» **DIRECTIONS FOR THIS TASK**
Once you find the line with "и срезала ребрышки." in the entries below, return exactly every line from it through the line with "Zadabso® e genul".

» **RECORDS FOR THE EXERCISE**
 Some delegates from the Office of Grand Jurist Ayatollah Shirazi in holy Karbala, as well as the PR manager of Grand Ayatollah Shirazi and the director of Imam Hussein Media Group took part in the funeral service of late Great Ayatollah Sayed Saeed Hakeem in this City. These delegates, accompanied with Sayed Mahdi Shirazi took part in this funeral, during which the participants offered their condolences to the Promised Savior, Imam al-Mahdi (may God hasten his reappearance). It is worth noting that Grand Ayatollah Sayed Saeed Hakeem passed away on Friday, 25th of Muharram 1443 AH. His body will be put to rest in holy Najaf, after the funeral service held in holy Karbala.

...

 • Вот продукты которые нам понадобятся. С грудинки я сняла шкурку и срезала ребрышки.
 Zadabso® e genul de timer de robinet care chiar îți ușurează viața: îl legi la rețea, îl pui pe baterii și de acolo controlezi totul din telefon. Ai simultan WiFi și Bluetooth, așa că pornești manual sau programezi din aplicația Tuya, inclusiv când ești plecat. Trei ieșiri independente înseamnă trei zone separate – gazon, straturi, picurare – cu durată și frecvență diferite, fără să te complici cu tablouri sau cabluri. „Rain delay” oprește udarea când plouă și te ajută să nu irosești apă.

» **ANSWER TO THIS TASK**
 • Вот продукты которые нам понадобятся. С грудинки я сняла шкурку и срезала ребрышки.
 Zadabso® e genul de timer de robinet care chiar îți ușurează viața: îl legi la rețea, îl pui pe baterii și de acolo controlezi totul din telefon. Ai simultan WiFi și Bluetooth, așa că pornești manual sau programezi din aplicația Tuya, inclusiv când ești plecat. Trei ieșiri independente înseamnă trei zone separate – gazon, straturi, picurare – cu durată și frecvență diferite, fără să te complici cu tablouri sau cabluri. „Rain delay” oprește udarea când plouă și te ajută să nu irosești apă.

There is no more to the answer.